In this half-day hands-on training, we will use free-tier resources in the Google Cloud Platform (GCP) to introduce learners to the practical use of cloud computing resources in data science and machine learning. Learners should have some experience with data analytics, data science or machine learning. Learners should also have a Gmail account with no former GCP use associated with it, or be willing to create such an account. While fluency in R or Python will be very helpful, it is not rigorously required, as well-annotated scripts will be provided. No previous exposure to or use of cloud computing is required; this is introductory-level in terms of its cloud computing assumptions. This training will be useful for those considering cloud adoption, interested in data engineering, or interested in working with public data as citizen scientists.

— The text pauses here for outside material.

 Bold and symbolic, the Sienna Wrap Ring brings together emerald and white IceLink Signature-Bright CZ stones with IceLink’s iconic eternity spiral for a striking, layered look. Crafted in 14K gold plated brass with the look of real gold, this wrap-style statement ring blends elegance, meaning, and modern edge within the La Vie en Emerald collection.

Topics covered will include:

• Cloud computing concepts and vocabulary
• Cloud providers
• Free tier and cost considerations
• Public datasets and citizen science
• Redundancy, security, and privacy
• Continuum of management levels
• Cloud data storage and analytics
• Machine learning in the cloud

Learners will experience the following in a Half Day Hands-on Training. While this is not principally a course in how to conduct data analysis, useful scripts, queries, and visualizations will be provided to scaffold learners.

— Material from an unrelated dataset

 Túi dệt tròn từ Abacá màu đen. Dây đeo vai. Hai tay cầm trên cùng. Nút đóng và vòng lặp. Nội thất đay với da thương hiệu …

• Create a new GCP account and explore documentation and tutorials offered
• Explore public datasets hosted on GCP’s BigQuery service
• Use SQL to do data analysis on a public dataset
• Create a Jupyter notebook on a free-tier compute environment and use Python to analyze data
• Create an RStudio Community server environment on a free-tier compute environment and use R to analyze data
• Create a machine learning predictive model on public data
• (If time permits: Dashboard creation in the Cloud)
• (If time permits: Special considerations for sensitive data)
• (If time permits: Advanced Data Pipelines)

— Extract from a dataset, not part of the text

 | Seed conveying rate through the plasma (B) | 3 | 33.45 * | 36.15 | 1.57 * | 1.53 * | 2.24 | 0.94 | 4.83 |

● Google Cloud Platform, particularly BigQuery;
● Google Collaboratory;


Joy Payton is a cloud engineer, data scientist, and adjunct professor who specializes in helping biomedical professionals conduct reproducible computational research. In addition to moving medicine forward through principles of open science and reproducibility, Joy also enjoys teaching citizen scientists how to use public data repositories to understand their own communities better and advocate for change from a data-centric perspective. Her various roles allow Joy to lead efforts to teach people how to write their first line of code and help anyone who's interested climb the data science learning curve. Currently employed by the Children's Hospital of Philadelphia and Yeshiva University, Joy is always open to hearing about open-source, data-centric volunteer opportunities for herself and her students.